Table of Contents
How do you find the median of an AVL tree?
Assuming your tree is indexed from 0 and has n elements, find the median in the following way:
- if n is odd: Find the (n-1)/2 -th element and return it.
- if n is even: Find the n/2 -th and (n/2)-1 elements and return their average.
How do you find the middle element of a binary search tree?
Given a sorted array, we find the middle-most element and check the element with the key. If the middle-most element is equal to key, we’ve found the key. If the middle-most element is greater than the key, we search on the left half of the middle-most element, else we search on the right half.
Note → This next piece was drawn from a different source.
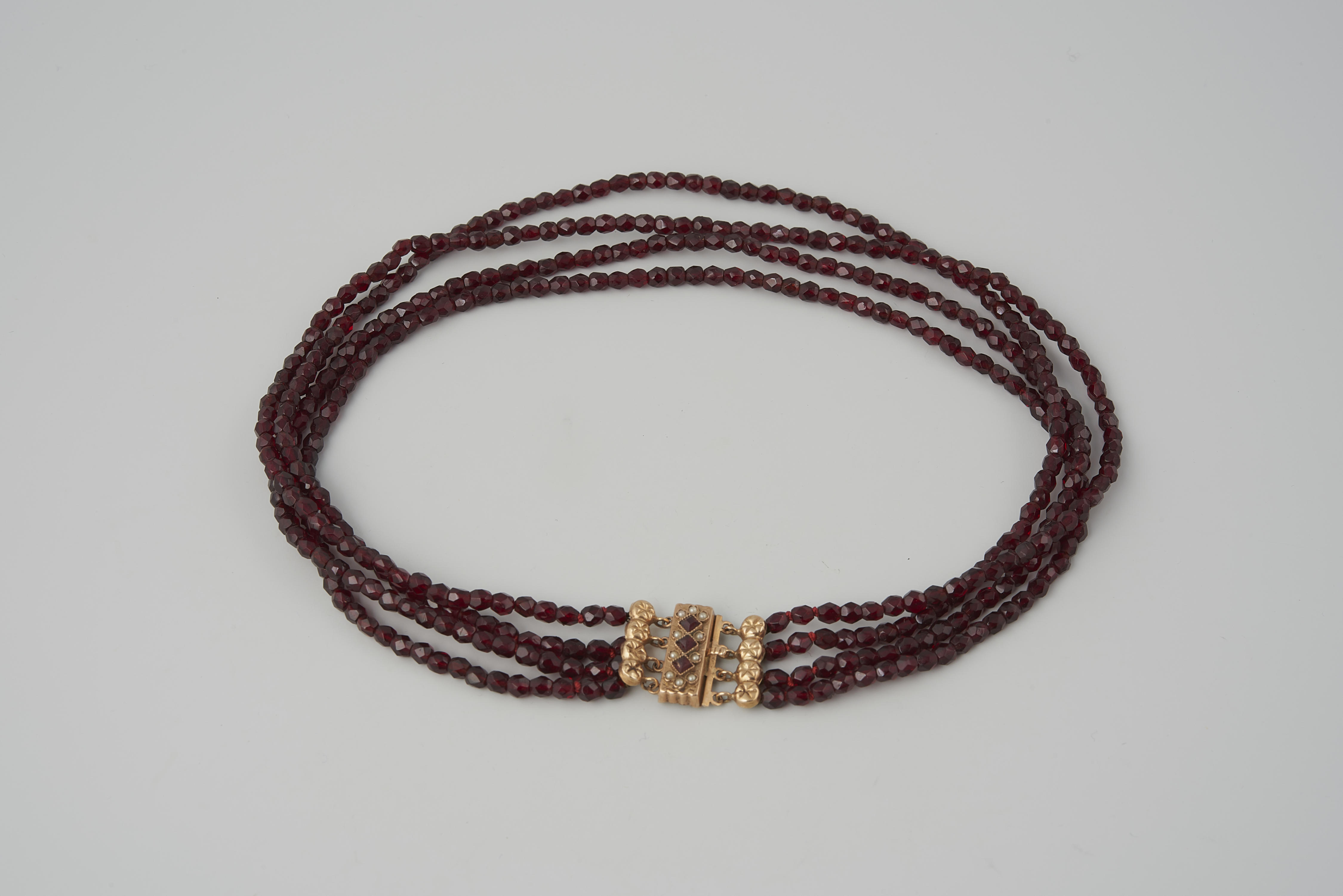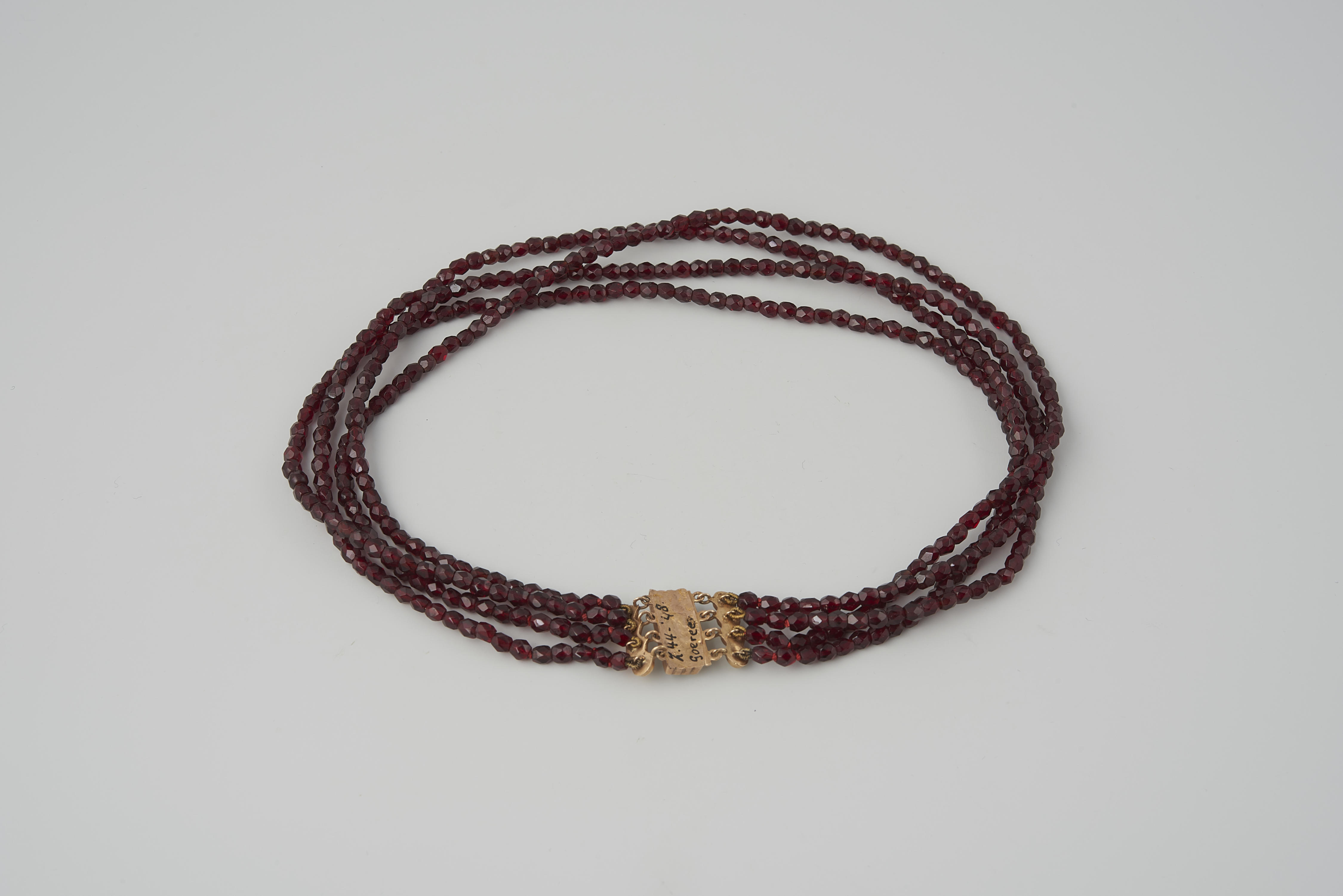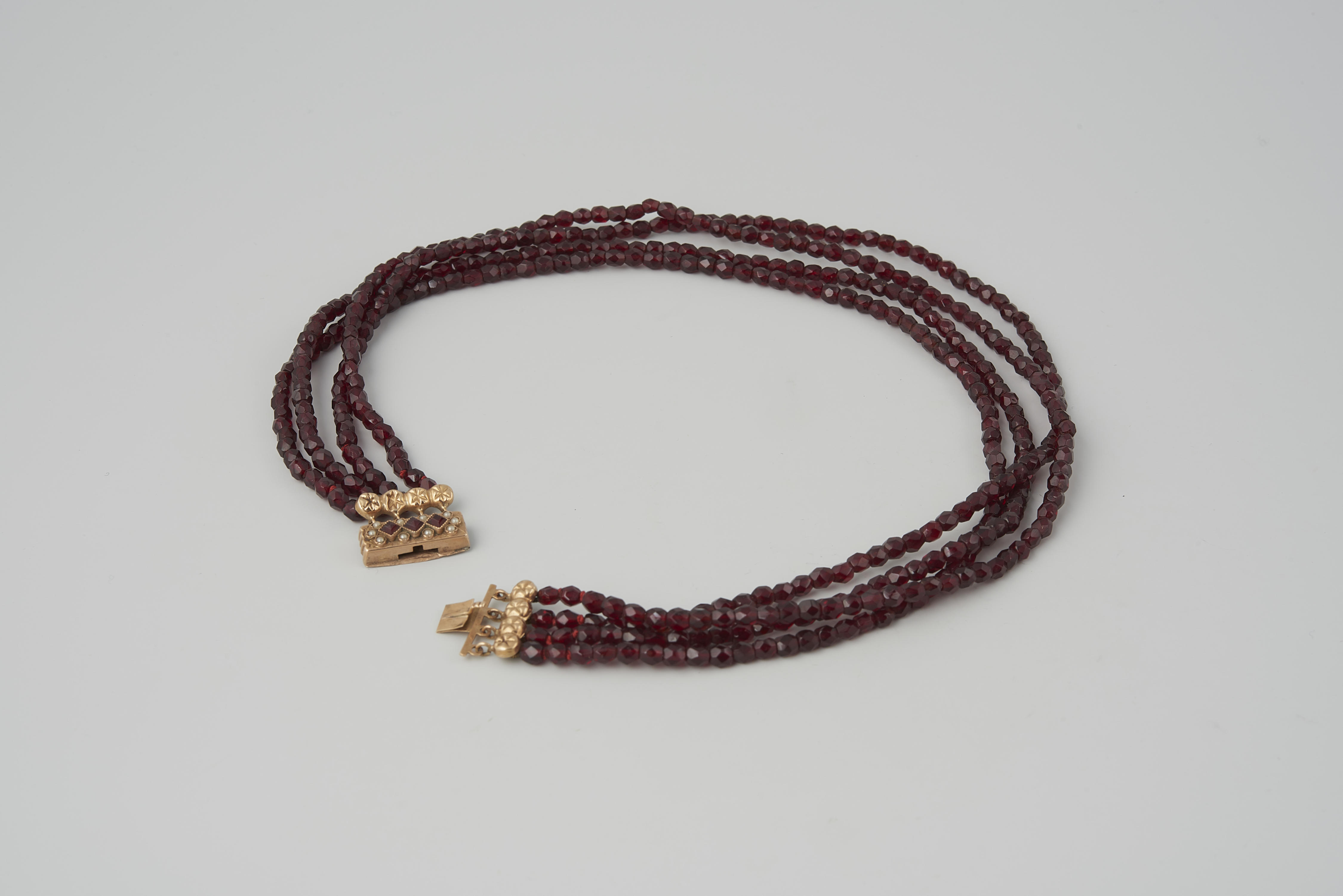 Halssnoer, bestaande uit vier strengen granaten kralen aan een 14-karaats gouden slot. Het slot is gemaakt omstreeks 1900 en gedragen door een vrouw van Goeree Overflakkee. De vervaardiger is onbekend. Dit type slot is niet specifiek voor een bepaalde streek en werd ook bij de algemene modedracht gedragen. Het slot is in 1948 door het ...

How many leaves are there in a perfect binary tree of height h?
0 leaves
Theorem: A complete binary tree of height h has 0 leaves when h = 0 and otherwise it has 2h leaves. Proof by induction. The complete binary tree of height 0 has one node and it is an isolated point and not a leaf. Therefore it has 0 leaves.
How would you construct AVL tree from empty binary tree with a set of numbers are given without performing any rotations?
Given an empty AVL tree, how would you construct AVL tree when a set of numbers are given without performing any rotations? Explanation: Sort the given input, find the median element among them, make it as root and construct left and right subtrees with elements lesser and greater than the median element recursively.
How do you find the median of O 1?
The median is always the root of Left . So insertion is done in O(lg n) time and getting the median is done in O(1) time. To find the Median, place the numbers you are given in value order and find the middle number. Example: find the Median of {13, 23, 11, 16, 15, 10, 26}.
How do you estimate the height of a tree?
Calculating tree height requires the use of basic trigonometry: h = Tan A x d, where h is the tree height, d is the distance from tree, and A is the angle to the top of the tree. Since your measurements will be made at eye level, you need to know your eye height (height of your eye above the ground).
How do you find the height of a tree in data structure?
The height of a binary tree is the height of the root node in the whole binary tree. In other words, the height of a binary tree is equal to the largest number of edges from the root to the most distant leaf node.
How construct AVL tree with example?
The new node is added into AVL tree as the leaf node….Insertion.
| SN | Rotation | Description |
|---|---|---|
| 2 | RR Rotation | The new node is inserted to the right sub-tree of the right sub-tree of the critical node. |
| 3 | LR Rotation | The new node is inserted to the right sub-tree of the left sub-tree of the critical node. |
What is AVL tree in data structure?
(data structure) Definition: A balanced binary search tree where the height of the two subtrees (children) of a node differs by at most one. Look-up, insertion, and deletion are O(log n), where n is the number of nodes in the tree.
Which algorithm is used to find the median of an AVL?
Iterative algorithm used to find the median of an AVL. This algorithm is based on a property of every AVL tree, you can get a sorted collection containing the elements of this tree using an in order traversal. Using this property we can get a sorted collection of nodes and then find the median.
Since an AVL tree guarantees an O(log n)Searchoperation and IVlad’s algorithm is essentially a Searchoperation, you can find the k-th smallest element in O(log n)time and O(1)space (not counting the space for the tree itself). Assuming your tree is indexed from 0 and has nelements, find the median in the following way:
How do you solve the order statistic tree problem?
The answer in your linked question is right and optimal. The usual way to solve this is to construct a Order statistic tree(by holding the number of elements of the left and right sub-tree for each node). Do note, that you have to compensate the numbers accordingly if a rotation of the AVL tree happens.
How do I traversal a tree in C++?
The exact traversals depend on the details (check the functions lower_bound and upper_bound in C++ for example). First you could implement a split by key operation. That is, given a tree, to perform split (tree, key, ts, tg) splits the key in two trees; ts contains the keys less than key; t2 the greater or equal ones.